Jesus loves Eliot Spitzer, and loves you and loves me. And we are called to have the same mind, to embrace suffering so that it can be redeemed. And that is true whether the suffering is deserved or not. We are called to have compassion for Eliot Spitzer as God does for him and for each one of us when we fall. There is nothing easy about such compassion, because it often goes against our gut instinct to feel betrayed and to dismiss him as having deserved what he got.
Well, he did deserve what he got, and so do we when we screw up, but thanks be to God Jesus died for him and died for us and loves him and loves us.
On to Gene Robinson, the Bishop of New Hampshire, a different kind of sufferer, one who did not bring suffering on himself (unless you believe that his accepting the office of bishop was itself a sinful act). Bishop Gene has known for a long time that he would not be fully invited to the Lambeth Conference, but he held out some hope that he could participate in a limited way in the spirit of the supposed “listening process” with gay and lesbian Anglicans to which the bishops committed themselves ten years ago. This week he learned that would not be possible in any way.
Not to put him too high on a pedestal, but Gene reacted, I believe, with “the same mind that was in Christ Jesus.” He felt alone and betrayed and had the instinct at first, he said, to find some way to run away from what was going on. So did Jesus, if you listened carefully to the story that we just heard. But he then summoned the strength within himself to walk through his suffering and to take the high road with his betrayers, urging his colleagues in our Episcopal Church’s House of Bishops to go and to carry with them his suffering, and, more importantly, the suffering of exclusion that is still the general lot of gay and lesbian people in our church.
How can he do that, not lash out with righteous anger at the hypocrisy and mean-spiritedness of the Church?
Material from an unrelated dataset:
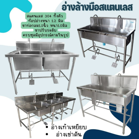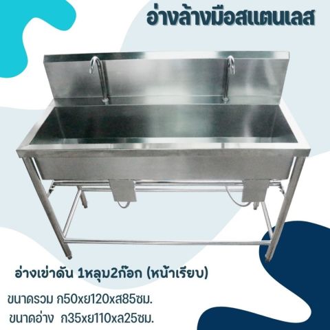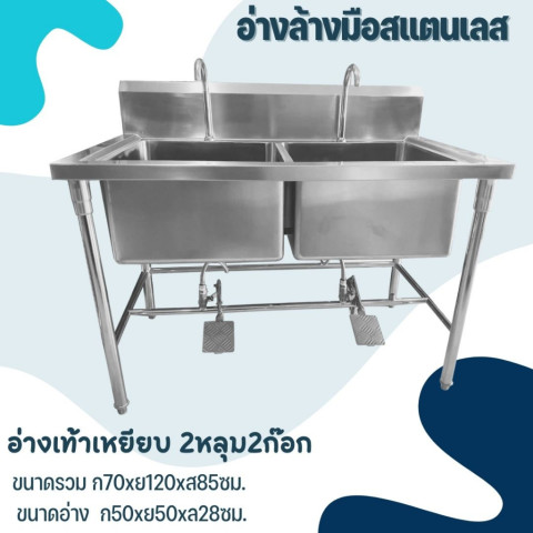 CS อ่างล้างมือสแตนเลส เกรด 304 แบบเท้าเหยียบ/เข่าดัน (Hands-free) แข็งแรง ไม่เป็นสนิม เหมาะสำหรับร้านอาหาร ครัวกลาง โรงงานอาหาร คลินิก และพื้นที่ที่ต้องการความสะอาดสูง ลดการสัมผัสก๊อกด้วยมือ ช่วยเพิ่มมาตรฐานสุขอนามัยในการใช้งานจริง

Why doesn’t he call Archbishop of Canterbury Rowan Williams at best a coward and at worst a perpetrator of evil?
Because he loves Jesus and he knows Jesus loves him and all those who stand against him. He is a living example of having the same mind that was in Christ Jesus.
Eliot Spitzer and Gene Robinson: they are two very different men with two very different stories. One brought suffering upon himself; one had it thrust upon him by others. Yet the message is the same: Jesus took both kinds of suffering, all suffering, to the cross with him and offered it to God even in the midst of his own sense of abandonment and betrayal.
The message is simple for all of us today: Jesus died to save Eliot Spitzer and Gene Robinson and Rowan Williams and you and me. We are all loved, sometimes inexplicably, sometimes obviously, by the God of the cross.
May we embrace and be embraced by this love for ever, no matter who we are, no matter what we do.